When the multi-frame first video images include transition positions, and/or, the multi-frame second video images include transition positions, according to the transition positions in the multi-frame first video images and/or Or at the transition positions in the second video images of the multiple frames, the target candidate video segment is obtained by segmenting the original video.

4. The method according to claim 1, wherein the original video is a first type of video, and key positions in the original video are identified by audio features in the original video.

5. The method according to claim 4, wherein the audio content corresponding to the key positions in the original video is laughter and/or applause, and the identifying a plurality of key positions in the original video includes :

Inputting the original video into an artificial intelligence AI model to obtain multiple key positions in the original video output by the AI model, and the AI model is pre-completed with sample videos marked with laughter and/or applause train;

Or, performing voiceprint feature matching between the audio data in the original video and the audio data corresponding to laughter and/or applause to obtain the multiple key positions matched by the voiceprint feature.

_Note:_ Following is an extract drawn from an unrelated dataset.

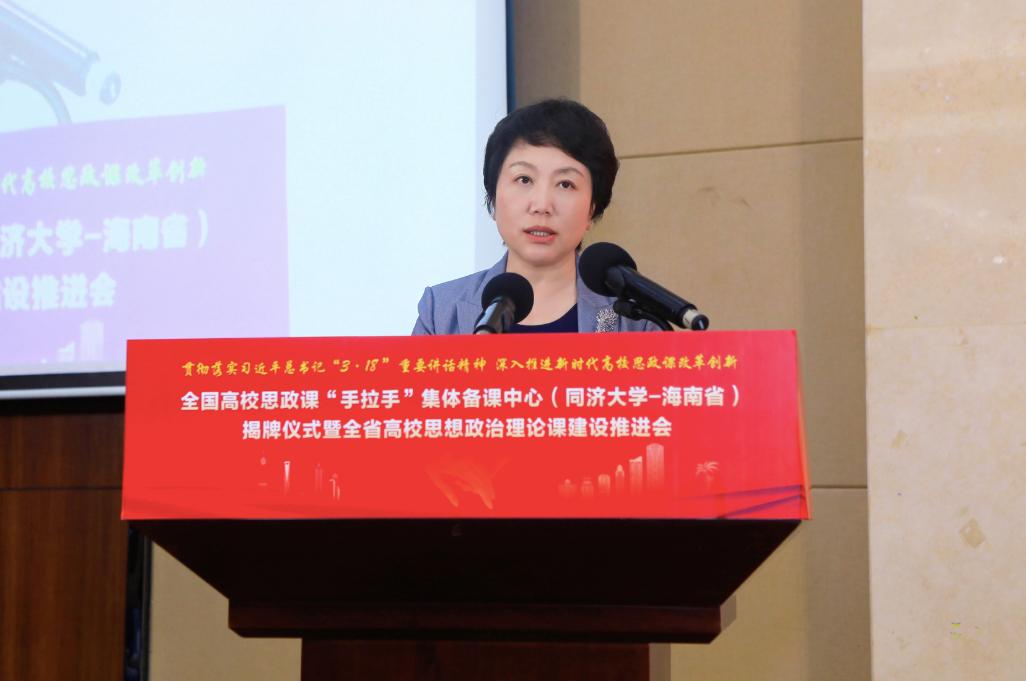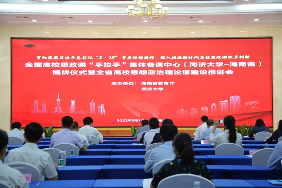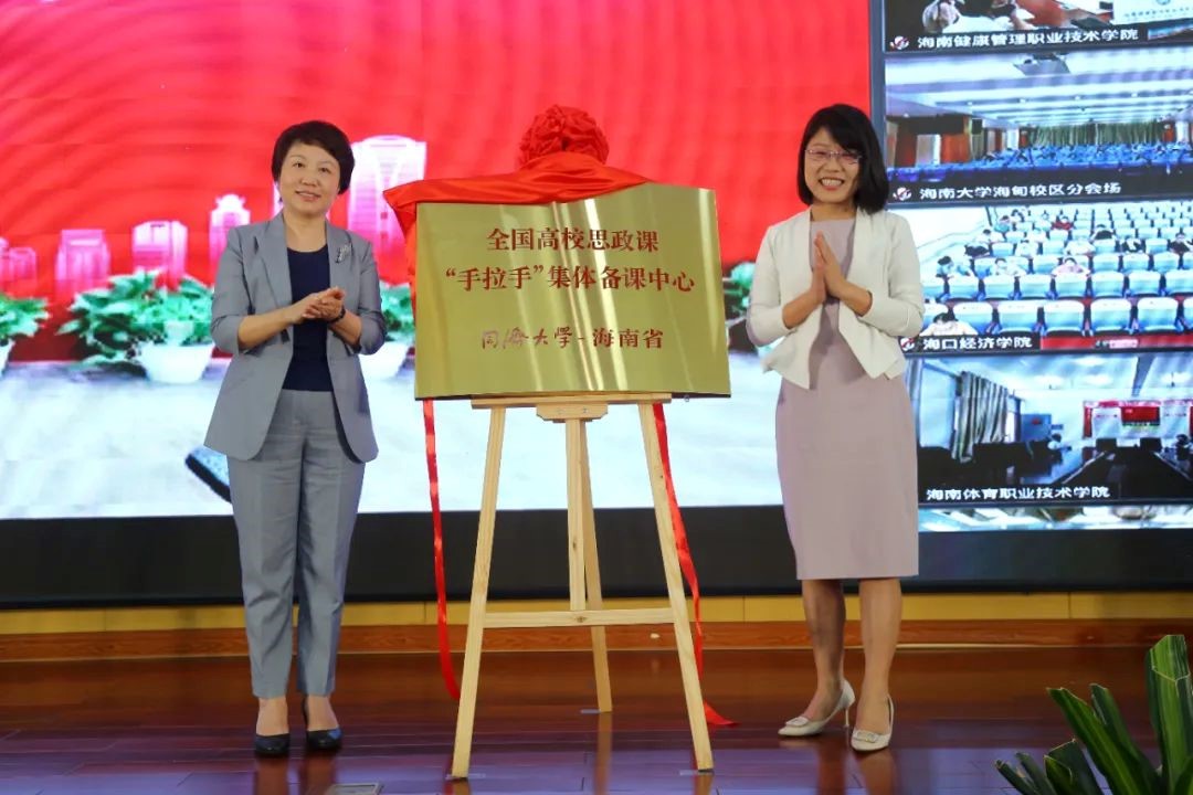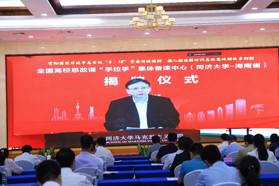 揭牌仪式上,同济大学党委书记方守恩通过视频发表讲话,他指出,同济大学将进一步深化省校合作,聚焦协同育人,充分发挥两地的资源优势,合力打造备课中心,通过开展集体备课、教学示范、交流互动等活动,在团队建设、课程改革、团队培优等方面加强合作,聚焦当前思政课建设热点难点堵点,集中研讨提问题、集中培训提素质、集中备课提质量,推动思政课建设高质量发展,支持海南国际教育创新岛建设。

6 . The method according to claim 1 , wherein the original video is of the second type, and key positions in the original video are identified by image features in the original video. 7 .

7. The method according to claim 6, wherein the identifying a plurality of key positions in the original video comprises:

determining a plurality of initial key positions from the original video;

The multiple initial key positions are adjusted by using the optical character recognition technology to obtain the multiple key positions, so that each of the key positions is the position where the subtitles start to be displayed or the subtitles end to be displayed.

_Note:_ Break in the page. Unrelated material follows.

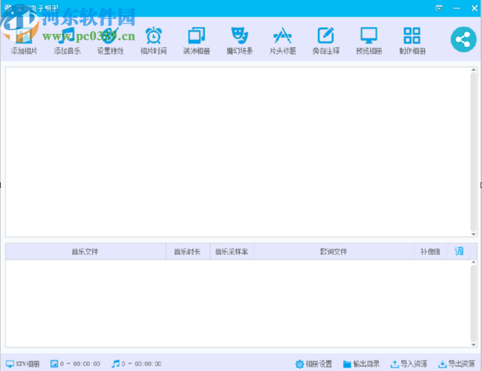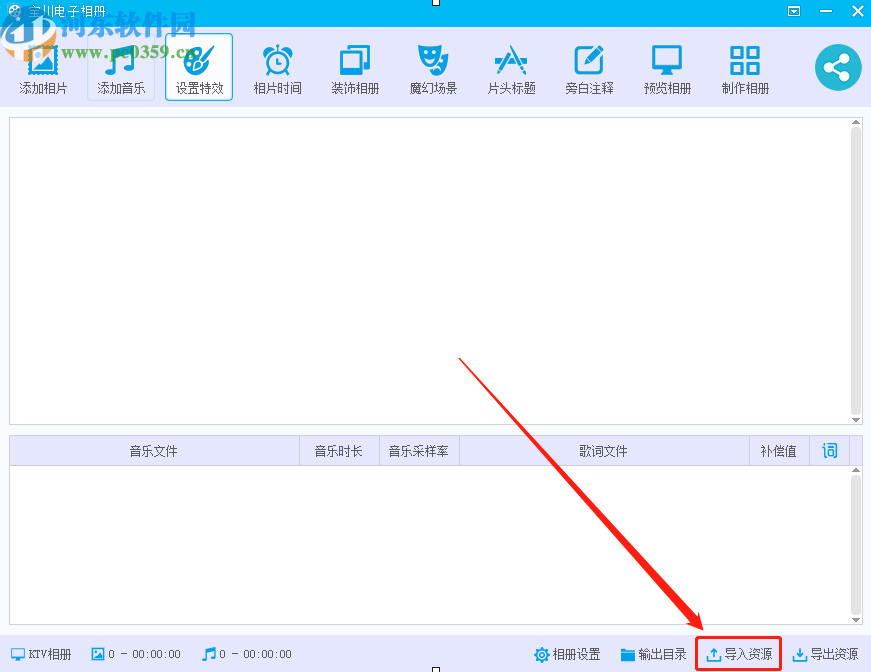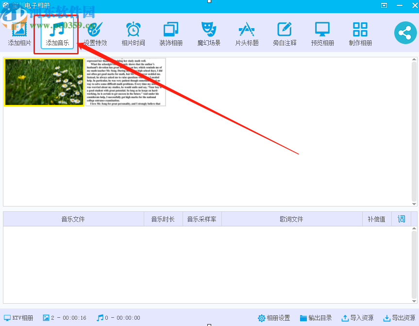 3.点击导入资源之后,软件就会自动识别到资源文件中的所有相册制作的参数数据了,如下图中所示,然后我们点击上方的添加音乐功能。

8. A video editing device, wherein the device comprises:

The acquisition module is used to acquire the raw video to be processed;

a position identification module for identifying multiple key positions and transition positions in the original video, where the key positions are used to indicate video clips in the original video;

A segmentation module, configured to obtain a plurality of video clips by segmentation from the original video according to the multiple key positions and the transition positions;

A splicing module, configured to splicing a target video based on the plurality of video clips, where the playback duration of the target video is shorter than the playback duration of the original video.

9. A computing device, wherein the device comprises a processor and a memory:

the memory is used to store computer programs;

The processor is adapted to perform the method of any one of claims 1-7 according to the computer program.

10. A computer-readable storage medium, wherein the computer-readable storage medium is used to store a computer program, and the computer program is used to execute the method of any one of claims 1-7.